Not working as expected: Only entity ‘product’ recognized and its coresponding slot filled. But not ’land’.

Pipeline from recommended Pipeline:
language: nl
pipeline:

  • name: WhitespaceTokenizer
  • name: RegexFeaturizer
  • name: LexicalSyntacticFeaturizer
  • name: CountVectorsFeaturizer
  • name: CountVectorsFeaturizer analyzer: char_wb min_ngram: 1 max_ngram: 4
  • name: DIETClassifier epochs: 100
  • name: EntitySynonymMapper
  • name: ResponseSelector epochs: 100
    policies:
  • name: AugmentedMemoizationPolicy max_history: 3
  • name: TEDPolicy max_history: 5 epochs: 100
  • name: MappingPolicy
  • name: FormPolicy
  • name: FallbackPolicy nlu_threshold: 0.4 core_threshold: 0.3 fallback_action_name: action_default_fallback

Hey another Dutch person. Cool.

For the future by the way, you can have code render nicely on this forum via markdown syntax. By using three tics (`) before and after a code block you can have the config.yml file render

like this

Back to your original problem. Are you running this locally on your machine as well or everything via Rasa X? If you run this locally on your machine you might be able to see if the algorithm converged before the 100 epochs run out. That might be a reason why DIET is underperforming.

That said, I am a bit suprised since you’re using the EntitySynonymMapper in both scenarios and you’ve gotten two look up tables. Considering your use-case though, is there a reason why you’ve not considered using a Form here? There’s an tutorial on how to use those here.

Hi @koaning , thanks for your reply!

Where running Rasa?

My organisation is exploring Rasa. So we’re exploring all kind of Rasa stuff, f.e.:

  1. Rasa on openshift, developping actions on linux. Running actions either on server or in pod on openshift.
  2. Rasa on linux-server, both Open Source and Rasa X, as well rasa SDK

Why use look-up and not forms?

I also use forms. But for this part of the use-case, I use look-ups to verify if user has given a correct value for land or product. I think, that’s the easiest way, don’t you?

Why should I consider to use a form?

A form can be a very structured way of retreiving information from a user that has very few surpises. Especially if the information you’re retreiving is super important (or perhaps an enumerable instead of a full string) it can be convenient to use a form. How many countries are possible? If there’s only 4 options then a form might be a more convenient API.
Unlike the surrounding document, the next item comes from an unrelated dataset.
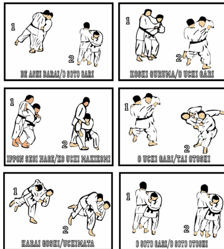
Figure 1 Presents a combination of basic techniques (Renraku Renka Waza) as a training suggestion

All countries of the world :grinning: i.e. almost 200.

If you’re interested, I could share the case I’m working on.

For now: I use the look-up for verifying if country exists. When country exists, I use a form to determine if country is member of EU.

Off-course, I could handle the existance also in the form, f.e. return a not found if not in my country-table. But:

  1. This look-up in the dialogue doesn’t need any technical / python / programming skills, so could be done by a SME. And completely in Rasa X / Open shift; i.e. user-friendly.
  2. I want to get to know Rasa, so experience the look-up

By the way, I use a form to gather all they infrmation form the user on products, countries, costs.
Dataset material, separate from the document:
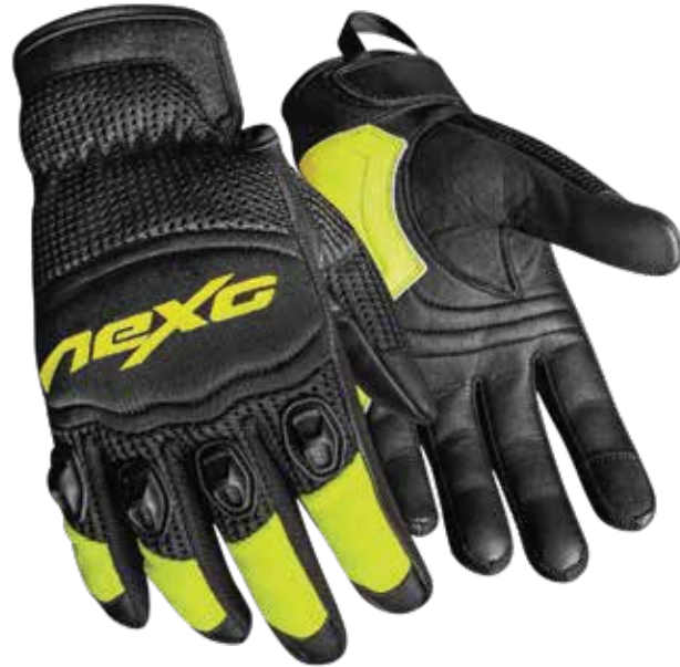
COLOR: BLACK, FL.YELLOW

But I like this discussion, as it forces me to reconsider it all over again :+1:

1 Like

Were you able to confirm if the DIET algorithm converged by the way?
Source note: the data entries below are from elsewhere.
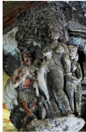
Fig. 7. Ajanta, cave I, right pillar at the entrance to the shrine antechamber (after Zin, 2015: 392, Fig. 5)
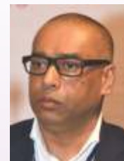
Shri Amlan Bora Trade & Investment Commissioner, Netherlands Business Support Office Ahmedabad
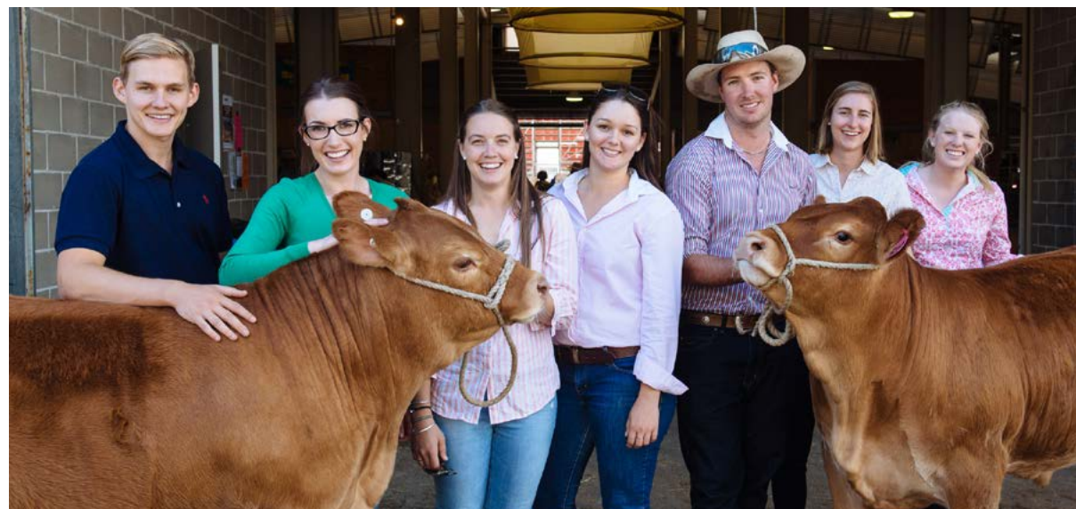
Royal Agricultural Society Foundation Rural Scholarship students 2015.

Lighthouse Business Innovation Centre provides business advice, education and training, mentorship
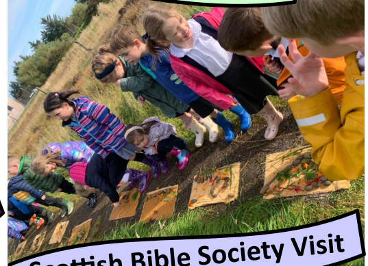
Scottish Bible Society Visit
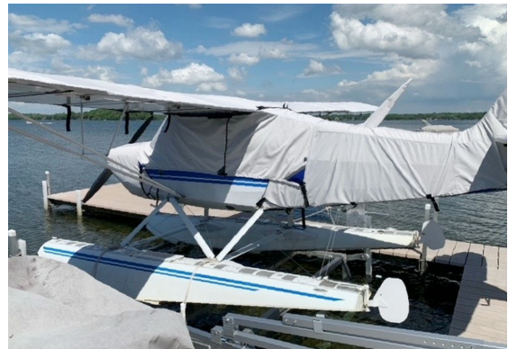
Aeronca 7GC Amphib Cover Set

Not yet, also working on other issues.

I’l come-back as soon as I’ve runned the DIET again

I managed to get it working! But I realy don’t know what made it work :woozy_face:.

And yes, at least now the DIET algorithm converged, even to a good recognation.

What I did:

  1. Working only in virtual machine, Rasa Core
  2. Tsting with python scripts (from within Pycharm)
  3. Started with NLU only: iboth intents and entities
  4. Concentrated first at look-up.
  5. Made a train/test set by splitting nlu_data
  6. Created lot of test intents form all entries in look-up

And here’s my pipe-line:

language: nl
pipeline:
  - name: WhitespaceTokenizer
    case_sensitive: false
  - name: RegexFeaturizer
  - name: LexicalSyntacticFeaturizer
  - name: CountVectorsFeaturizer
  - name: CountVectorsFeaturizer
    analyzer: char_wb
    min_ngram: 1
    max_ngram: 6
  - name: DIETClassifier
    epochs: 100
  - name: EntitySynonymMapper
  - name: ResponseSelector
    epochs: 50

Thanks for assistance!